I work with post-collegiate track and field athletes. By definition these athletes are at least 21 and have probably been in the sport at least a good eight years. Now, these athletes aren’t 49 and broken down like me, but they are not 18 anymore either. This means we have to be careful with changes and monitoring training intensities.

For example, let’s say we’re going to have a pretty intense week in the weight room. I don’t do maxes with this level of athlete, but we might be doing 4-RM’s on strength lifts and a 2-3-RM on the power movements (Olympic lifts, jump squats, etc.). If that is the case, it would be a bad week to have an especially intense week of sprint or plyometric workouts. So if one component goes up (the weights) the others are reduced (sprints and plyos) to compensate.

Also with this group of athletes, I’ve found that it is not a good idea to change everything at the same time. For example, we might maintain our current strength training program while changing the sprinting and plyometrics.

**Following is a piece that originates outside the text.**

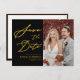 Cartão Postal De Anúncio Elegante Script Preto e Dourado Salve a Data

Then a week of two later, while maintaining the new sprint/plyo program, we might change up the strength training program. As we get older, we need a chance to get adjusted to changes.

As I get older I find that I can’t train through the little, annoying injuries that I used to.  If I do then they become major injuries.  I have to take longer to recover between heavy or maximal training sessions.  Volume is not my friend anymore, higher volume training sessions results in joint issues (I actually don’t mind this one because as a former Olympic lifter I’m not put together for endurance work).  I also have to account for changes to the program elsewhere to balance it out.  For example, let’s say I decide to do a different type of lunge in a lower body workout.  If I do that then it’s a good idea to a) use light weight on the first few sessions and b) not do other exercises that stress the knee in the first workout or two with the new exercise.   

References:

Latella, C., Teo, W-P., Spathis, J., and van den Hoek, D.  (2020).  Long-term strength adaptation: A 15-year analysis of powerlifting athletes.  Journal of Strength and Conditioning Research, 34(9), 2412-2418.